# AIM OF THE TASK
Beginning with the line that has "AK Trienz, Partie" and ending with the line that has "Schilderij De Maagd", retype the entries below exactly, except for the pictures.

# MATERIALS PROVIDED
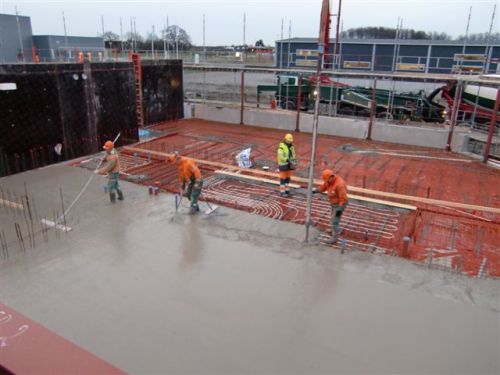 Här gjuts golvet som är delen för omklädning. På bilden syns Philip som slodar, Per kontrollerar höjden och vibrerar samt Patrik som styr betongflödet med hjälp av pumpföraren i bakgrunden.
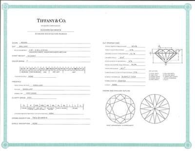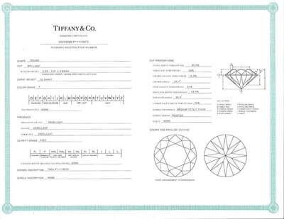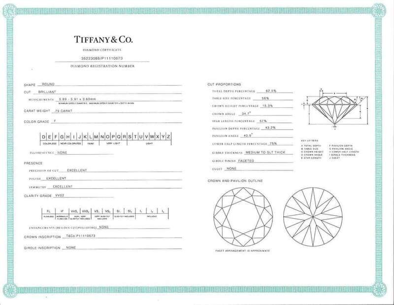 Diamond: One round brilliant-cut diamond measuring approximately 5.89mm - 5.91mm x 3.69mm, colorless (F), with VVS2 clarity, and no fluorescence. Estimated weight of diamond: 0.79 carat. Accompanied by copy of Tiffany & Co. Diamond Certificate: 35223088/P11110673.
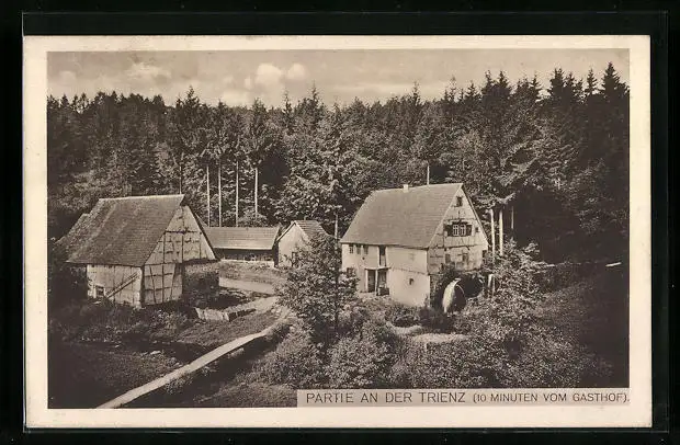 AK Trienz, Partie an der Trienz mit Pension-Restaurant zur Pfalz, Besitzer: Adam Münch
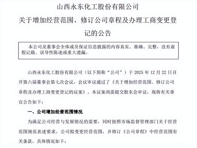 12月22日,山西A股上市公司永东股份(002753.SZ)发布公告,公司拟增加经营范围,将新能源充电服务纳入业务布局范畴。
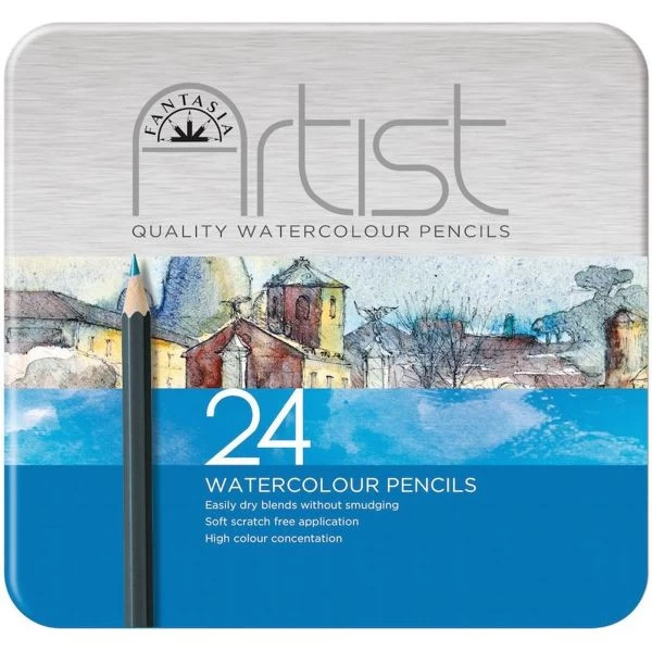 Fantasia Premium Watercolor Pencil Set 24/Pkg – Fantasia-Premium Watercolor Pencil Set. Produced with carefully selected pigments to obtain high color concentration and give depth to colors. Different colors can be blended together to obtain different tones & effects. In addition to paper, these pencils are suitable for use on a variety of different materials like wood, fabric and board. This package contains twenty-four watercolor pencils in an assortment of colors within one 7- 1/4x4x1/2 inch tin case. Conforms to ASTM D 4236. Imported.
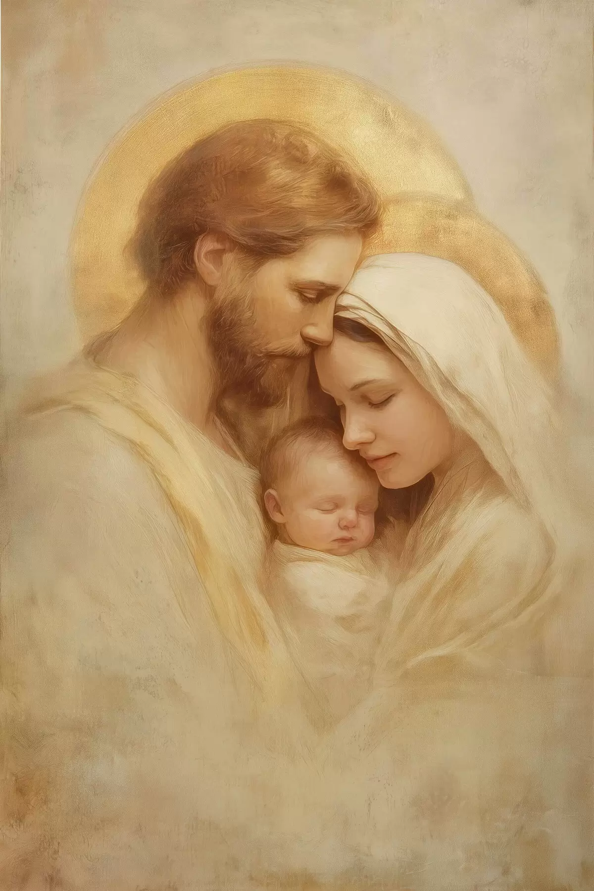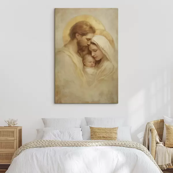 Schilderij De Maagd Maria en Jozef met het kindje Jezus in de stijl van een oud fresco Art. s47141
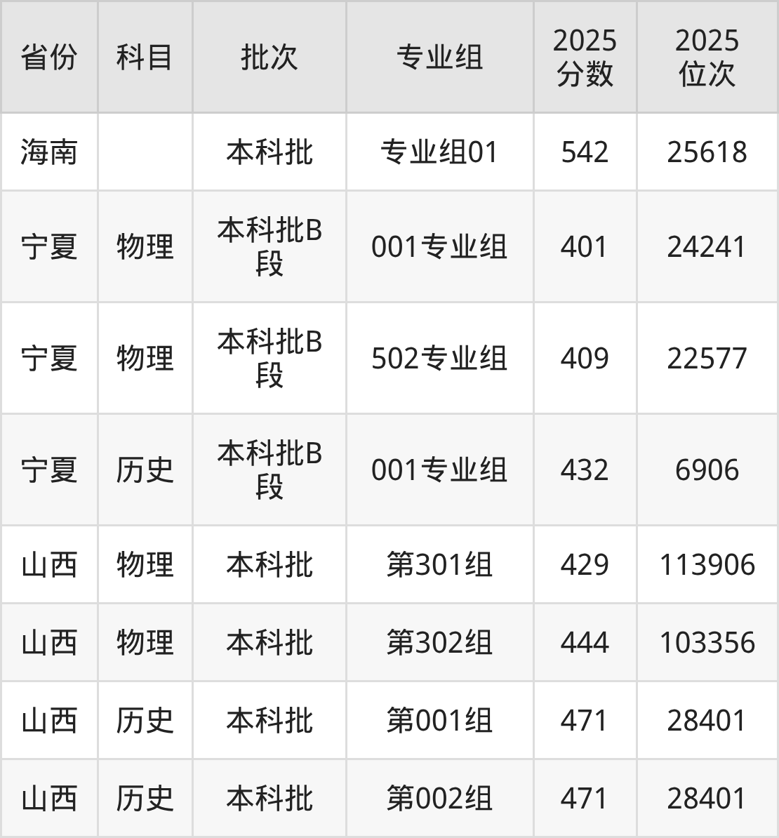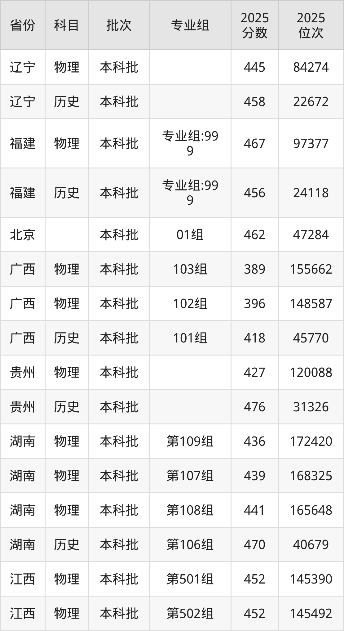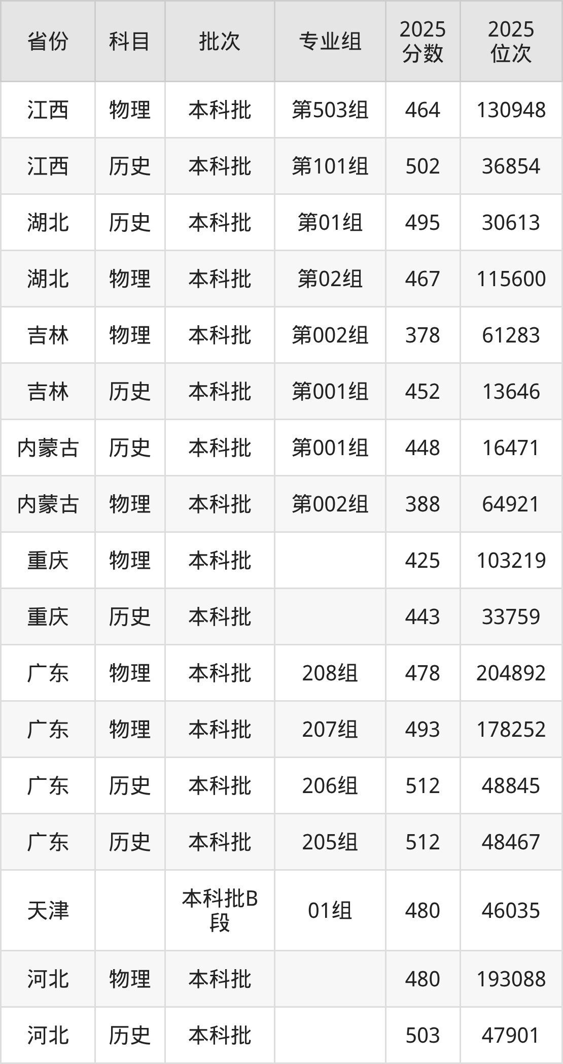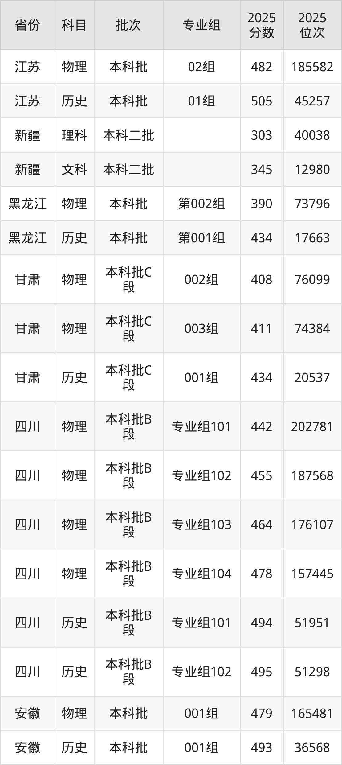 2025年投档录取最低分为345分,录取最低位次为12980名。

# SOLUTION
 AK Trienz, Partie an der Trienz mit Pension-Restaurant zur Pfalz, Besitzer: Adam Münch
 12月22日,山西A股上市公司永东股份(002753.SZ)发布公告,公司拟增加经营范围,将新能源充电服务纳入业务布局范畴。
 Fantasia Premium Watercolor Pencil Set 24/Pkg – Fantasia-Premium Watercolor Pencil Set. Produced with carefully selected pigments to obtain high color concentration and give depth to colors. Different colors can be blended together to obtain different tones & effects. In addition to paper, these pencils are suitable for use on a variety of different materials like wood, fabric and board. This package contains twenty-four watercolor pencils in an assortment of colors within one 7- 1/4x4x1/2 inch tin case. Conforms to ASTM D 4236. Imported.
 Schilderij De Maagd Maria en Jozef met het kindje Jezus in de stijl van een oud fresco Art. s47141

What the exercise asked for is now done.